» Source data
◇ ◇ ◇ ◇ ◇

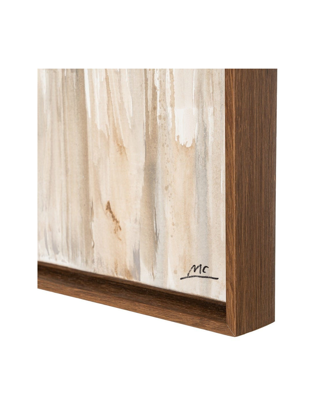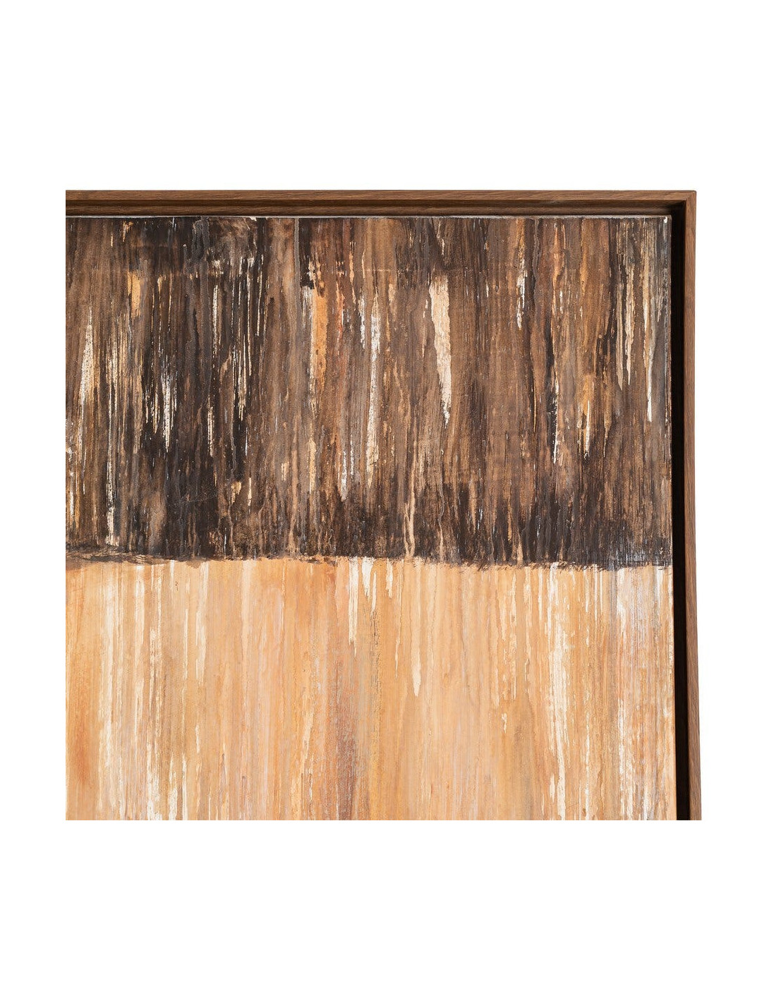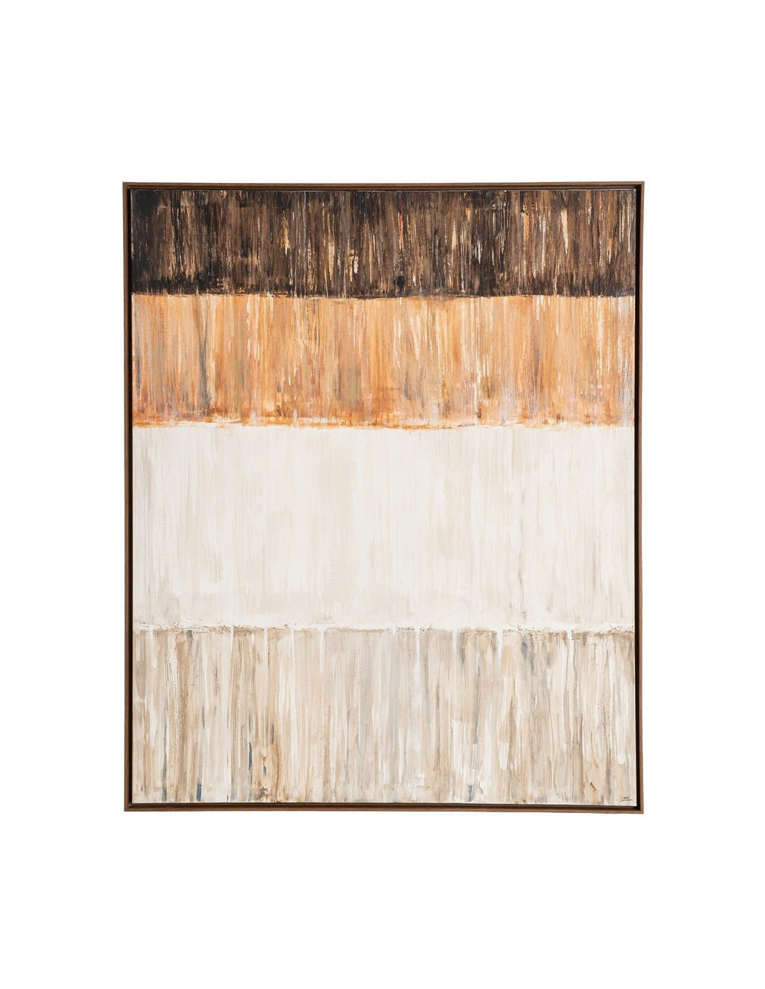 Grande Toile murale peinte design abstrait 132x162 Cadre en bois d'ayous marron foncé Beige Marron Dégradé Stratéa
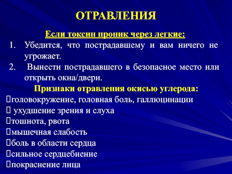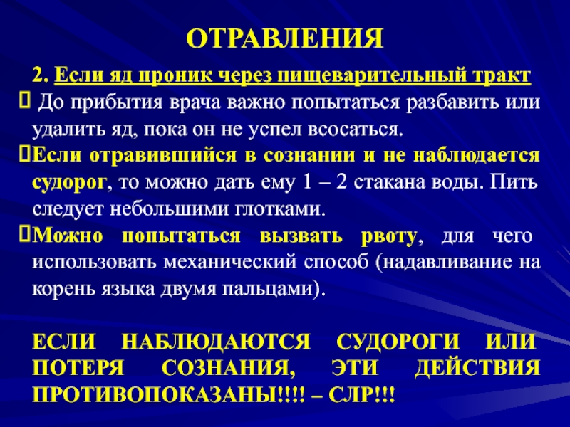 ПЕРВАЯ ПОМОЩЬ ПРИ ОТРАВЛЕНИЯХ ЗАВИСИТ ОТ СПОСОБА ПРОНИКНОВЕНИЯ ТОКСИНА В
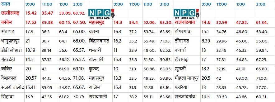 दोपहर में तेज गर्मी का राज्य के वोटरों के उत्साह पर कोई विशेष असर नहीं दिखा। दोपहर में मतदान की रफ्तार तेज रही। राज्य में 3 बजे तक 64 प्रतिशत से अधिक मतदान हो चुका है। कांकेर अब भी मतदान में सबसे आगे है। वहां 67.50 प्रतिशत वोट डाले जा चुके हैं। कांकेर संसदीय क्षेत्र में शामिल केशकाल और सिहावा में वोटिंग का आंकड़ा 71 प्रतिशत तक पहुंच चुका है। वहीं, महासमुंद में 63 प्रतिशत और राजनांदगांव में 61 प्रतिशत मतदान हुआ है। बिंद्रानवागढ़ और मोहला-मानपुर में भी 70 प्रतिशत मतदान हो चुका है।

◇ ◇ ◇ ◇ ◇

» Description of the task
Word for word, restate all of the data, but do not copy the pictures.

» Task solution
 Grande Toile murale peinte design abstrait 132x162 Cadre en bois d'ayous marron foncé Beige Marron Dégradé Stratéa
 ПЕРВАЯ ПОМОЩЬ ПРИ ОТРАВЛЕНИЯХ ЗАВИСИТ ОТ СПОСОБА ПРОНИКНОВЕНИЯ ТОКСИНА В
 दोपहर में तेज गर्मी का राज्य के वोटरों के उत्साह पर कोई विशेष असर नहीं दिखा। दोपहर में मतदान की रफ्तार तेज रही। राज्य में 3 बजे तक 64 प्रतिशत से अधिक मतदान हो चुका है। कांकेर अब भी मतदान में सबसे आगे है। वहां 67.50 प्रतिशत वोट डाले जा चुके हैं। कांकेर संसदीय क्षेत्र में शामिल केशकाल और सिहावा में वोटिंग का आंकड़ा 71 प्रतिशत तक पहुंच चुका है। वहीं, महासमुंद में 63 प्रतिशत और राजनांदगांव में 61 प्रतिशत मतदान हुआ है। बिंद्रानवागढ़ और मोहला-मानपुर में भी 70 प्रतिशत मतदान हो चुका है।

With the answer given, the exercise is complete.